H.C. Nutting Co. v. Midland Atlantic Dev. Co., L.L.C.

2013 Ohio 5511
CourtOhio Court of Appeals
DecidedDecember 18, 2013
DocketC-130132
StatusPublished
Cited by8 cases

This text of 2013 Ohio 5511 (H.C. Nutting Co. v. Midland Atlantic Dev. Co., L.L.C.) is published on Counsel Stack Legal Research, covering Ohio Court of Appeals primary law. Counsel Stack provides free access to over 12 million legal documents including statutes, case law, regulations, and constitutions.

Bluebook
H.C. Nutting Co. v. Midland Atlantic Dev. Co., L.L.C., 2013 Ohio 5511 (Ohio Ct. App. 2013).

Opinion

[Cite as H.C. Nutting Co. v. Midland Atlantic Dev.

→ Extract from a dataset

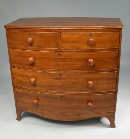 English Mahogany Bow Front Chest. Two drawers over three longer drawers, wood pulls. Beautiful apron ending in splay feet. 41 1/2"w x 21 1/2"d x 40 1/2"h English Mahogany Bow Front Chest. Two drawers over three longer drawers, wood pulls. Beautiful apron ending in splay feet. 41 1/2"w x 21 1/2"d x 40 1/2"h

Co., L.L.C., 2013-Ohio-5511.] IN THE COURT OF APPEALS FIRST APPELLATE DISTRICT OF OHIO HAMILTON COUNTY, OHIO

H.C. NUTTING COMPANY, : APPEAL NO. C-130132 TRIAL NO. A-1208064 Plaintiff-Appellee, :

vs. : O P I N I O N.

MIDLAND ATLANTIC : DEVELOPMENT COMPANY, LLC, : and : JOHN I. SILVERMAN, TRUSTEE,

Defendants-Appellants. :

Civil Appeal From: Hamilton County Court of Common Pleas

Judgment Appealed From Is: Affirmed

Date of Judgment Entry on Appeal: December 18, 2013

Thompson Hine LLP, Thomas J. Kirkwood, Kimberly E. Ramundo and John B. Kopf, III, for Plaintiff-Appellee,

Frost Brown Todd LLC, Scott Brown, Matthew Blickensenderfer and Bonnie Wolf for Defendants-Appellants.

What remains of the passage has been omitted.